[Opening DATASET section]

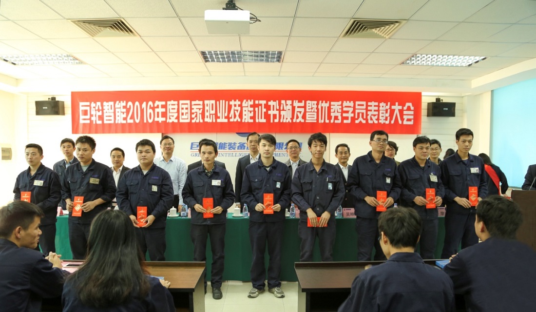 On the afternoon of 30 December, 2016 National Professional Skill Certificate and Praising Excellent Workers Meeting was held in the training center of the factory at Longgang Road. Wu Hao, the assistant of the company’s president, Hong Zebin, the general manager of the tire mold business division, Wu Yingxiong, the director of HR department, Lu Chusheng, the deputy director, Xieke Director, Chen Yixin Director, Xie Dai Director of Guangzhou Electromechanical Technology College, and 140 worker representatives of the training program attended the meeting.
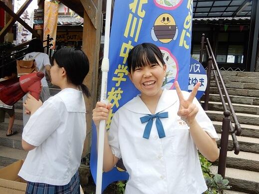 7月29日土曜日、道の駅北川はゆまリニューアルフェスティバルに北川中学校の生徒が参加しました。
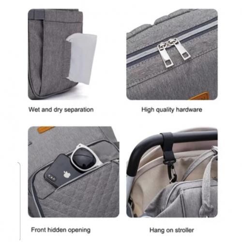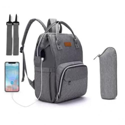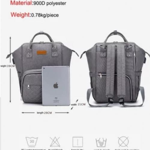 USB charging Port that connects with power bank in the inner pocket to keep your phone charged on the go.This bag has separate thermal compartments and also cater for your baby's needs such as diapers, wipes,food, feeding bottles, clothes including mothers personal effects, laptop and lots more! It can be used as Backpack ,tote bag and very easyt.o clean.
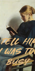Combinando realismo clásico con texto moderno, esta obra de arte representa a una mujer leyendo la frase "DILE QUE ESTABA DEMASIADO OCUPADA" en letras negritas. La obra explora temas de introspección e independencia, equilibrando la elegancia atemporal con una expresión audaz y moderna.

[Closing DATASET section]
[Opening DATASET section]

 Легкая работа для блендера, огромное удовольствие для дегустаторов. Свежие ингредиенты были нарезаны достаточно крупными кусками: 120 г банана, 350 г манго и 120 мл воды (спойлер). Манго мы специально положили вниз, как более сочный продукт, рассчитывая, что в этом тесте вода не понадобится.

[Closing DATASET section]

◆ DIRECTIONS: Reproduce exactly the lines above that run from the one with "On the afternoon" to the one with "Combinando realismo clásico", both included, leaving pictures out.

◆ EXERCISE ANSWER:
 On the afternoon of 30 December, 2016 National Professional Skill Certificate and Praising Excellent Workers Meeting was held in the training center of the factory at Longgang Road. Wu Hao, the assistant of the company’s president, Hong Zebin, the general manager of the tire mold business division, Wu Yingxiong, the director of HR department, Lu Chusheng, the deputy director, Xieke Director, Chen Yixin Director, Xie Dai Director of Guangzhou Electromechanical Technology College, and 140 worker representatives of the training program attended the meeting.
 7月29日土曜日、道の駅北川はゆまリニューアルフェスティバルに北川中学校の生徒が参加しました。
 USB charging Port that connects with power bank in the inner pocket to keep your phone charged on the go.This bag has separate thermal compartments and also cater for your baby's needs such as diapers, wipes,food, feeding bottles, clothes including mothers personal effects, laptop and lots more! It can be used as Backpack ,tote bag and very easyt.o clean.
Combinando realismo clásico con texto moderno, esta obra de arte representa a una mujer leyendo la frase "DILE QUE ESTABA DEMASIADO OCUPADA" en letras negritas. La obra explora temas de introspección e independencia, equilibrando la elegancia atemporal con una expresión audaz y moderna.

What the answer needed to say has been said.